El Pontífice citó el episodio evangélico donde Simón Pedro desenvainó su espada para defender a Jesús, solo para ser reprendido con la célebre frase: “Guarda tu espada, porque el que a hierro mata a hierro muere”. Esta enseñanza, afirmó el Papa, subraya la intrínseca incompatibilidad entre la fe y la violencia. Citando al profeta Isaías, León XIV enfatizó que un Dios que “rechaza la guerra” no escucha las oraciones de aquellos cuyas “manos están llenas de sangre”.

Profundizando en la figura del Cristo como siervo sufriente, el Papa describió cómo Jesús “se humillaba” al cargar con los sufrimientos y las culpas de la humanidad, sin proferir palabra, “como un cordero llevado al matadero”. Esta visión, también extraída de las profecías de Isaías, resaltó la mansedumbre divina como la antítesis de la belicosidad.

**Un Dios que no empuña armas**

“No se armó, no se defendió, no libró ninguna guerra”, declaró el Pontífice, reiterando que Jesús mostró “el rostro manso de Dios”, que siempre rechaza la violencia. Al dejarse clavar en la cruz, Cristo abrazó “todas las cruces erigidas en todos los tiempos y lugares de la historia de la humanidad”, convirtiéndose en un símbolo universal de solidaridad con el sufrimiento.

Al contemplar a Cristo crucificado, el Papa León XIV invitó a ver a los “crucificados de la humanidad”: las heridas de hombres y mujeres de hoy, el clamor de los abatidos, los sin esperanza, los enfermos y los solitarios. Y, de manera crucial, “el gemido de dolor de cada uno de los que están oprimidos por la violencia y de cada víctima de la guerra”.

La ceremonia, imbuida de profunda emoción y solemnidad, anticipó el mensaje central que resonará durante toda la Semana Santa bajo el liderazgo de Papa León XIV: la paz. “¡Dios es amor! ¡Tengan piedad! ¡Depongan las armas, recuerden que son hermanos!”, exclamó, lanzando un ferviente llamado a la fraternidad universal.

Para reforzar su mensaje pacifista, el Pontífice recordó la figura del obispo italiano Antonio Bello (1935-1993), conocido como el “obispo de los últimos” por su compromiso inquebrantable con los pobres, la justicia social y el pacifismo.
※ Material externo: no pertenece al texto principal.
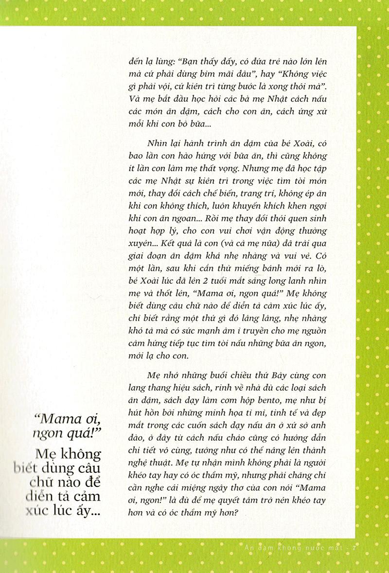 1. Ăn dặm không nước mắt Thế nào là ăn dặm không nước mắt? Là khi con không khóc vì bị ép ăn và mẹ không khóc vì con bỏ bữa. Là khi con hào hứng
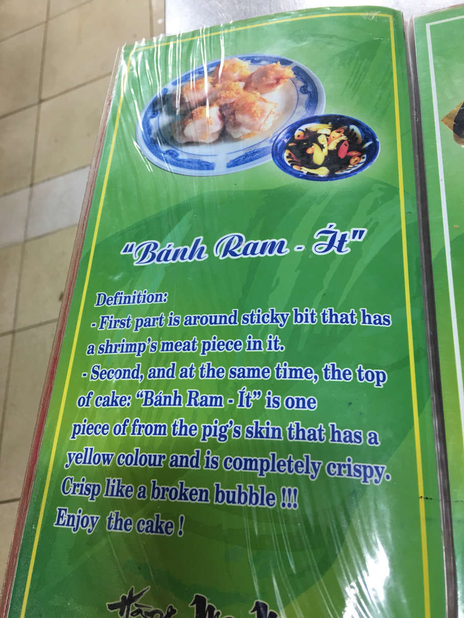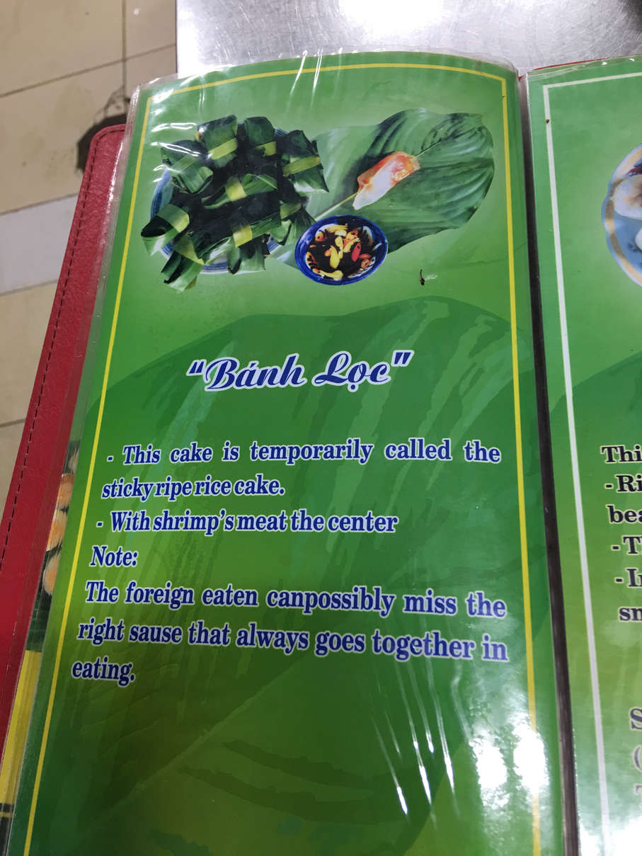 A snack sounded good, so we went to Me Me Restaurant to have some of a local dish, seen in their descriptive menu.
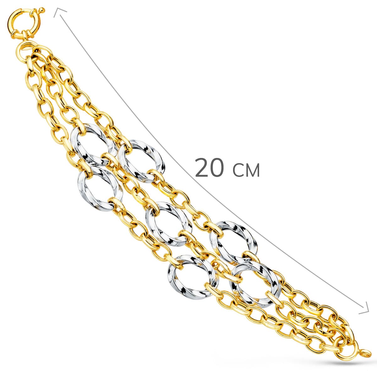 18K PULSERA ORO BICOLOR TRIPLE CADENA HUECA MOTIVOS REDONDOS 20CM
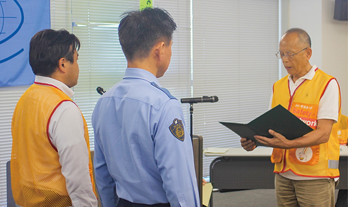 指定式で山口市長は「日頃の地域活動に感謝。引き続き、地域をよく知る皆さまの経験と知恵を活かし、安心安全なまちづくりに向けた力添えを頂きたい」とあいさつ。有原馨厚木警察署長は「市内では空き巣、自転車盗、特殊詐欺、交通事故が増加傾向にある。犯罪や事故を未然に防ぐためには、日常と違う点に気づくことが重要」と話した。また推進地区を代表して相川地区の片岡俊治さんは「犯罪防止や交通安全、けが防止など、セーフコミュニティの取り組みを充実させ、身近な安心安全活動を積極的に行いたい」と山口市長と有原署長に誓った=写真下。
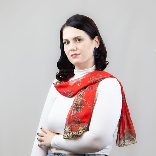 Eșarfă fină cu efect de mătase, imprimeu animal print royal, 160 x 45 cm - Roșu
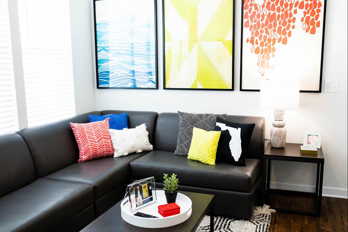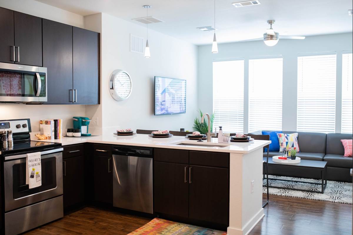 - They all feature hardwood-style floors, a washer and dryer, a smart TV, and furniture including beds, couches, tables, chairs, and more. The kitchen comes with plates, utensils, cookware, and glassware.
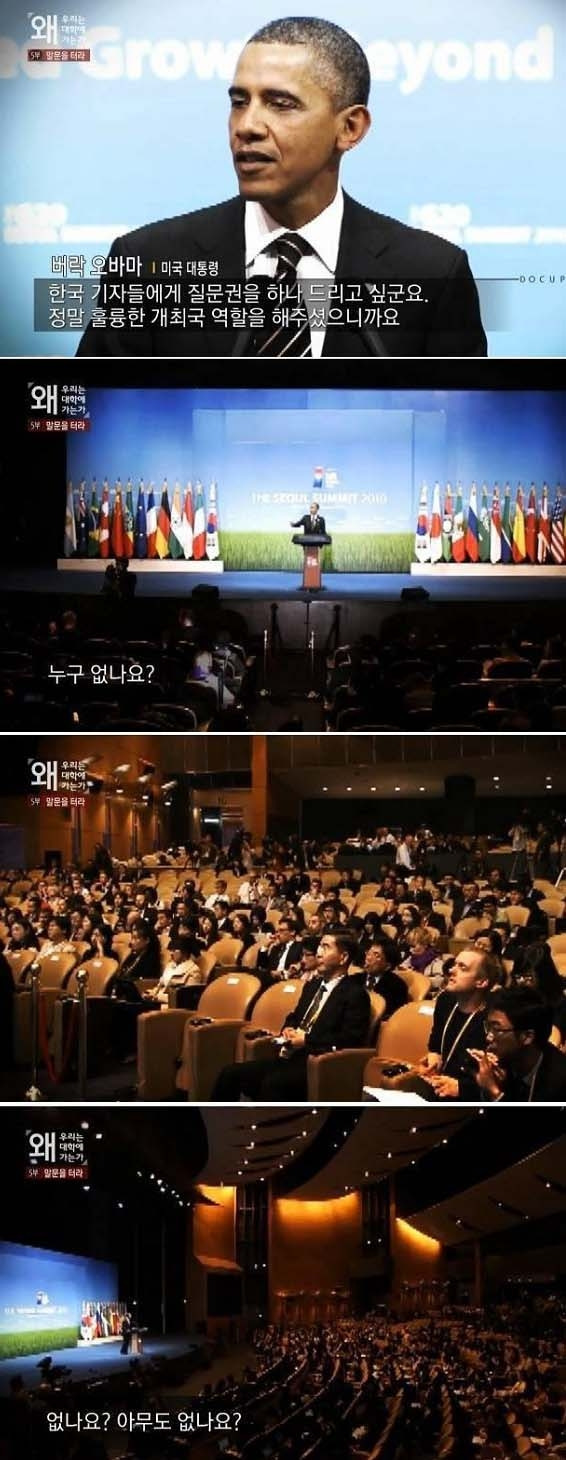 이런 문제가 토론모임에 국한된 것은 아닙니다. 예전에 오바마 전 미국 대통령이 기자회견 도중에 한국 기자들에게 먼저 질문할 기회를 준 적이 있습니다. 한참을 기다려도 아무도 질문하지 않자, 보다 못한 중국 기자가 질의를 했죠. 이 장면이 매스컴을 통해 알려진 뒤 사람들은 국제적인 망신이라며 떠들어댔습니다. 비단 기자들만의 문제일까요? 당장 한국의 교실 수업이나 직장에서의 회의 시간만 봐도 알 수 있습니다. 질문이 없기는 기자나 학생, 직장인 모두 매한가지라는 것을.
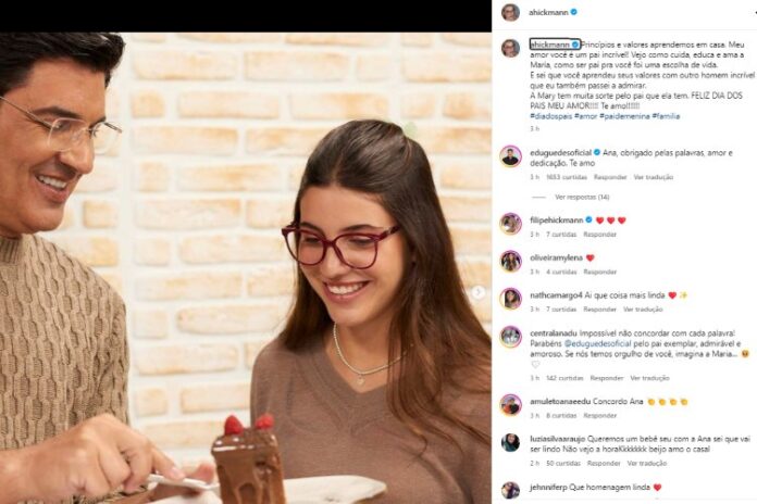 No final da manhã deste domingo, 11 de agosto, Ana Hickmann usou as redes sociais para homenagear o noivo e apresentador, Edu Guedes, e o sogro. Devido a comemoração ao ‘Dia dos Pais’, a apresentadora compartilhou várias fotos do chef de cozinha com a filha, Maria Eduarda, além de resgatar uma imagem do mais novo contratado da RedeTV! ao lado do patricarca dele.
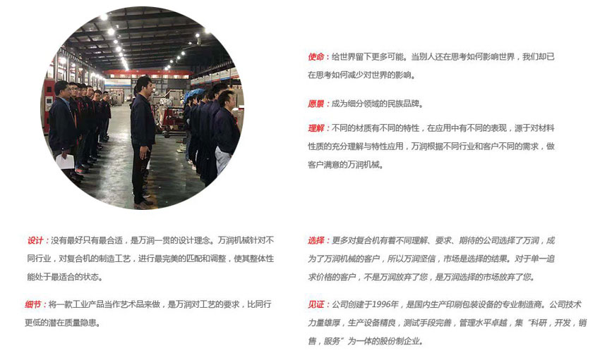 溫州萬潤機械有限公司(原瑞安市意聯(lián)機械有限公司)位于浙江省最前沿的東海之濱瑞安市。距機場,火車站30多公里,緊靠104國道,交通便利。公司創(chuàng)建于1996年,是國內生產印刷包裝設備的專業(yè)制造商。
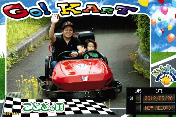 要自動車運転免許の本格ゴーカート。自然の中を風を切って爽快に走れる。記念に上のような写真を買うことができる。自動車免許のない子供がひとりで運転するためには、講習を受けて専門の免許を取得する必要があるようだ。写真のように自動車免許のある親と一緒に乗る分には、子供の免許は必要ない。
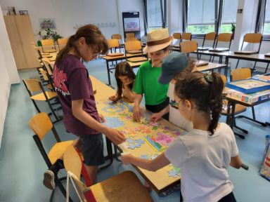 Último día de clase con juegos y aprendizaje. En el Aula de Leipzig (Sajonia), dedicamos el último día de clase a estaciones de juegos, en las que pudimos disfrutar de la oca, el parchís, el Uno, el Pasapalabra y otras actividades lúdicas. En la foto, vemos a un grupo de alumnas montando un puzzle antes de hacer un quiz sobre la geografía de España.
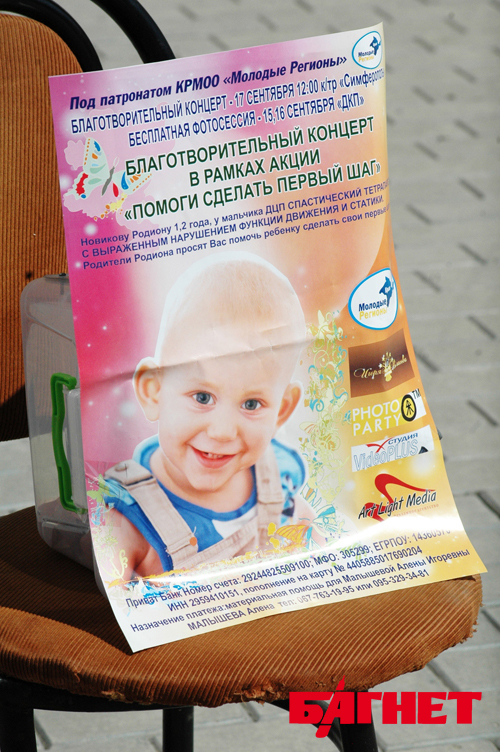Целью подобного мероприятия стал сбор средств для Родиона Новикова (1,2 года), которому врачи поставили диагноз детски церебральный паралич с нарушением функции движения. Другими словами, ребенок не в состоянии сделать свой первый шаг. Медики говорят, что исправить ситуацию можно, но на операцию нужно немало средств – ее стоимость исчисляется десятками тысяч долларов. Естественно у родителей малыша просто нет таких денег, поэтому они и обратились в общественные организации.

Mons. Bello, reconocido como Venerable por el Papa Francisco en 2021, presidió Pax Christi Italia y lideró una histórica marcha por la paz en Sarajevo en 1991, en pleno conflicto de los Balcanes. Esta referencia sirvió para anclar el mensaje del Papa en una tradición de acción por la paz.

La primera Semana Santa del Papa León XIV promete ser un periodo de profunda reflexión sobre la humildad de Cristo y un renovado llamado a la paz, la reconciliación y la fraternidad universal.